Problem: Your answer must be the lines from the one holding "胡散臭い通販商品みたいなあだ名 | 『必ず成功するブレスレット…その名も「せっさん」』 |" through the final line of the entries below, copied exactly, with no pictures.

Extracted data entries
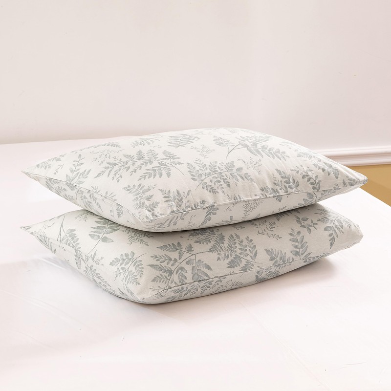 ECOCOTT 2 Pack Pillowcase Standard Size - Green Botanical Plant Leaves Pattern Pillow Cases Set, 100% Cotton Pillow Covers with Envelope Closure (Standard, 20"x26")
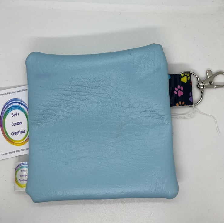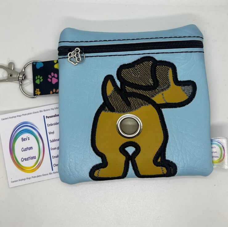 Handmade, embroidered small bag to fit a roll of poo bags, clips onto your dog’s harness, some leads or your belt strap. Bags dispenses through the hole place on the dogs bum.
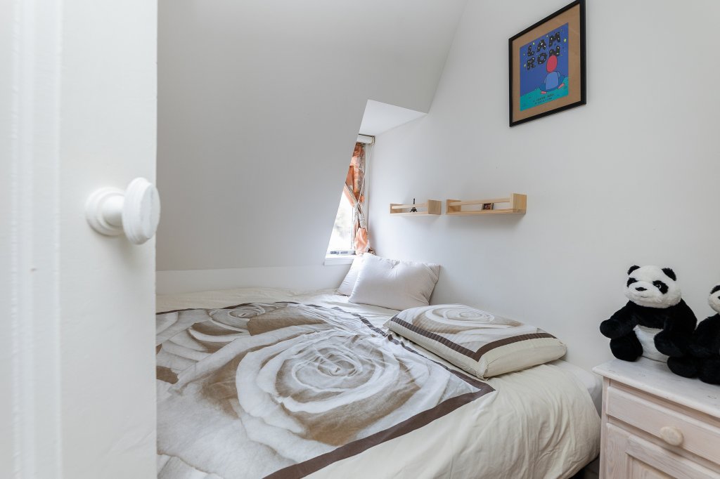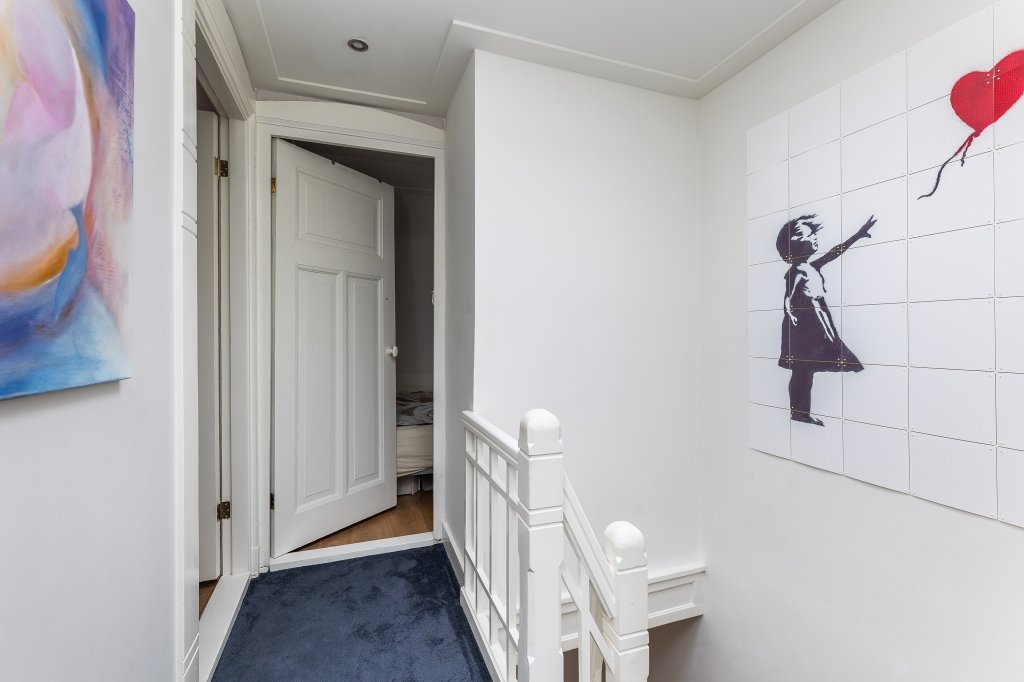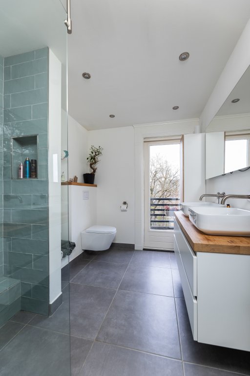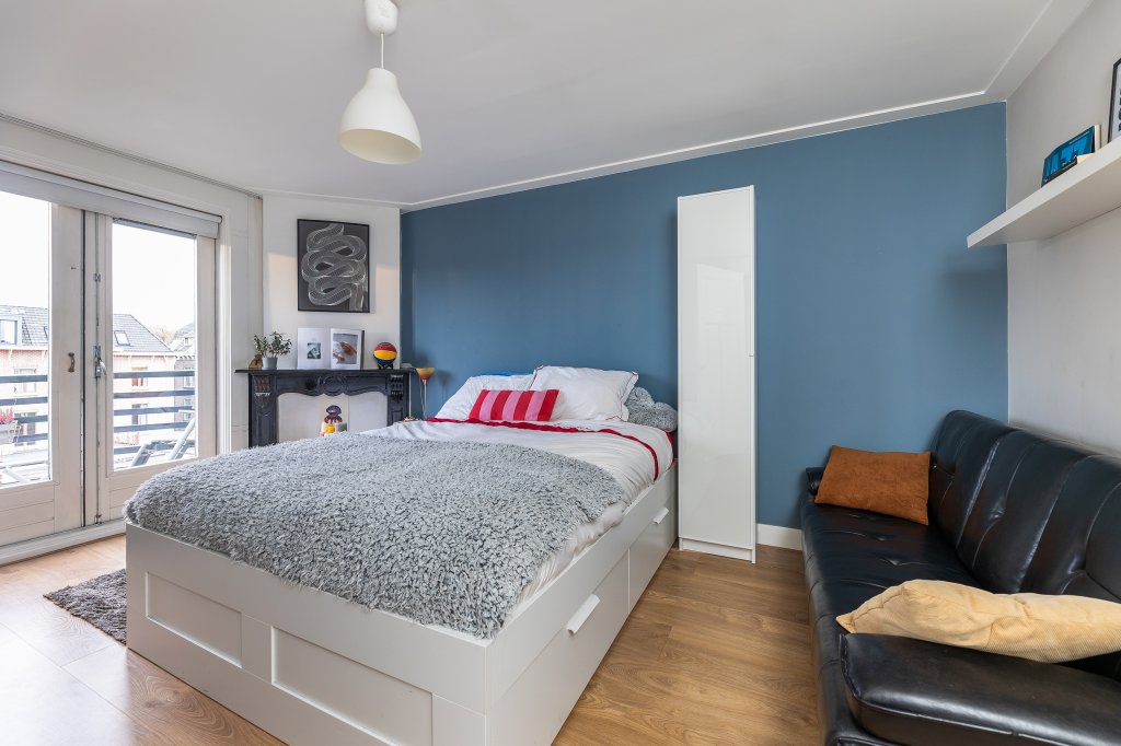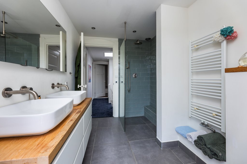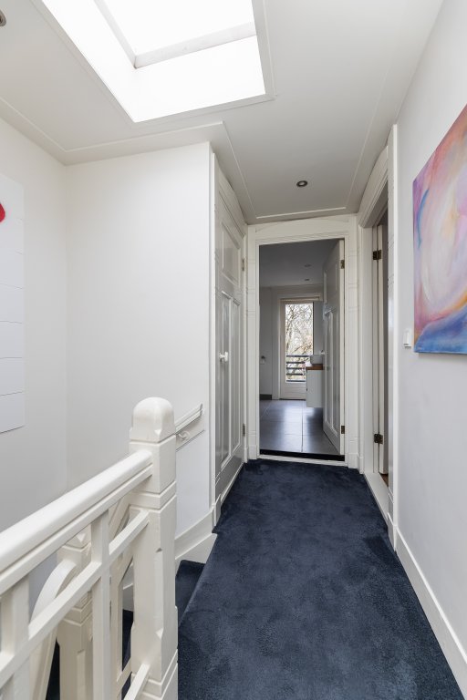 De bovenverdieping is verrassend ruim en licht. Via de overloop, met een dakkoepel die het daglicht binnenlaat, bereik je drie slaapkamers. De master bedroom aan de achterzijde heeft openslaande deuren naar het tweede, royale balkon – een zalige plek om de dag te beginnen of juist af te sluiten. De badkamer is modern en compleet, met dubbele wastafel, douche, toilet, vloerverwarming en designradiator.
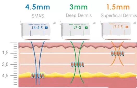 超声刀源自时下最新美容高科技——美国ulthera技术,配有三个针对不同层次的治疗头(如上图),利用聚焦式超声波技术,以非侵入式治疗到皮肤的SMAS(筋膜层),让皮下细胞通过细胞膜的变化重新排列,由深到浅带动皮肤紧致提拉,刺激胶原蛋白增生,促使下垂、皱纹的脸变紧实,实现表皮层、真皮层、SMAS层深层立体抗衰。
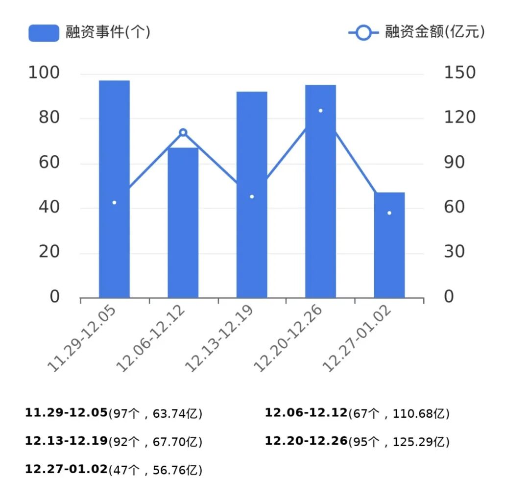 根据睿兽分析监测数据,本周国内一级市场披露的融资事件47个, 与上周相比减少48个, 其中已披露融资金额的事件27个, 总融资规模为56.76亿元人民币, 平均融资金额为2.10亿元人民币。
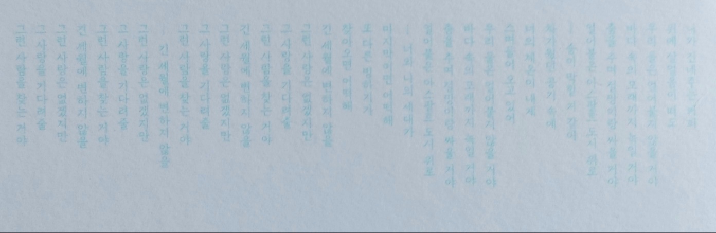 앨범 뒷면에는 가사가 수록되어 있는데, 노래 제목과 가사가 방향이 다르게 되어 있습니다 ^^; 그리고, 그 가사는 옛날 책에서 보던것처럼 세로 쓰기로 오른쪽에서 왼쪽으로 진행됩니다. 아래는 제가 가장 좋아하는 Antifreeze의 가사입니다 ^^
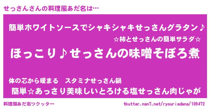 | 胡散臭い通販商品みたいなあだ名 | 『必ず成功するブレスレット…その名も「せっさん」』 |
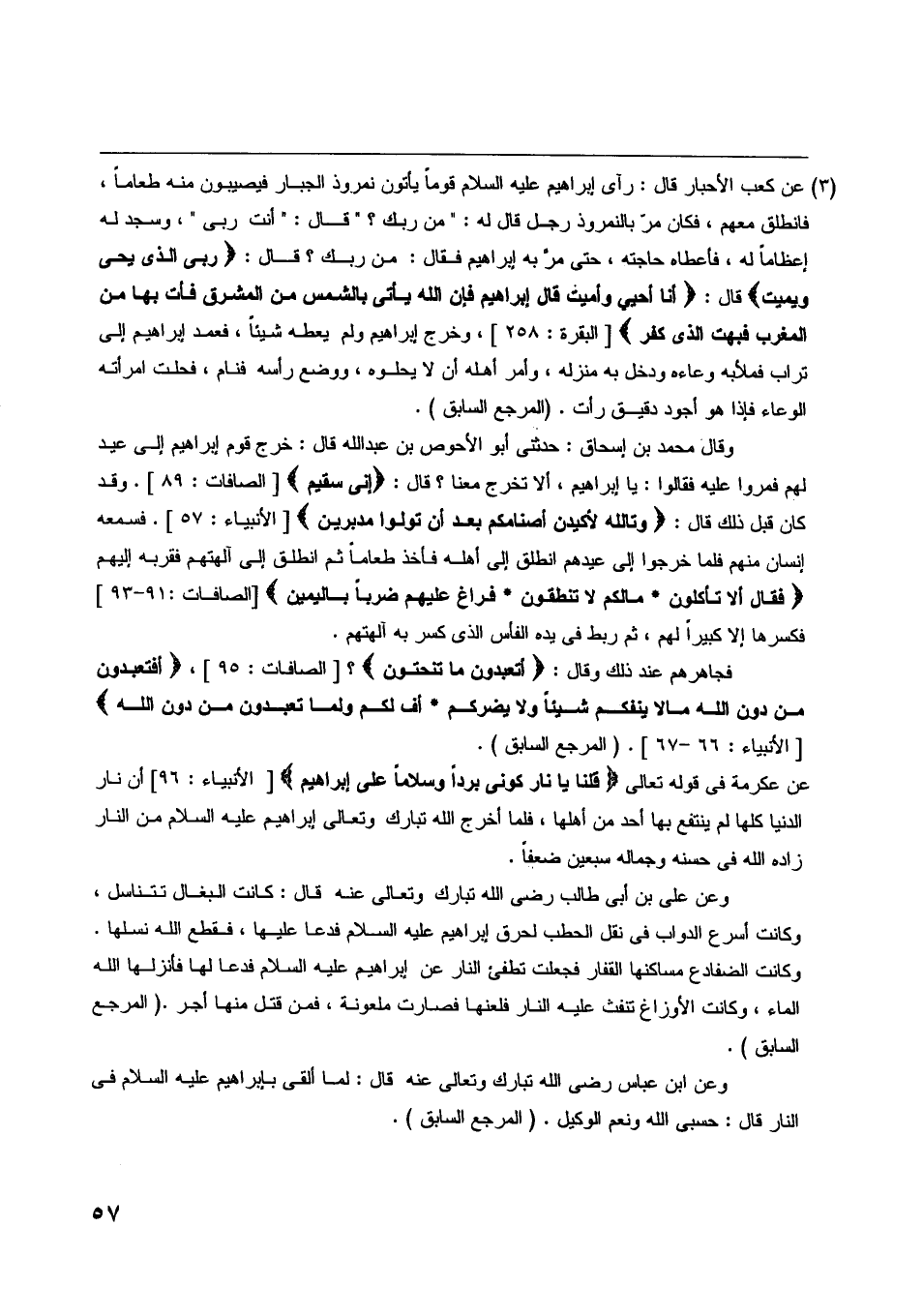 وعن ابن عباس رضى اللَّه تبارك وتعالى عنه قال: لما ألقى بإبراهيم عليه السّلام في النار قال: حسبي اللَّه ونعم الوكيل. (المرجع السابق) .

Answer section:
 | 胡散臭い通販商品みたいなあだ名 | 『必ず成功するブレスレット…その名も「せっさん」』 |
 وعن ابن عباس رضى اللَّه تبارك وتعالى عنه قال: لما ألقى بإبراهيم عليه السّلام في النار قال: حسبي اللَّه ونعم الوكيل. (المرجع السابق) .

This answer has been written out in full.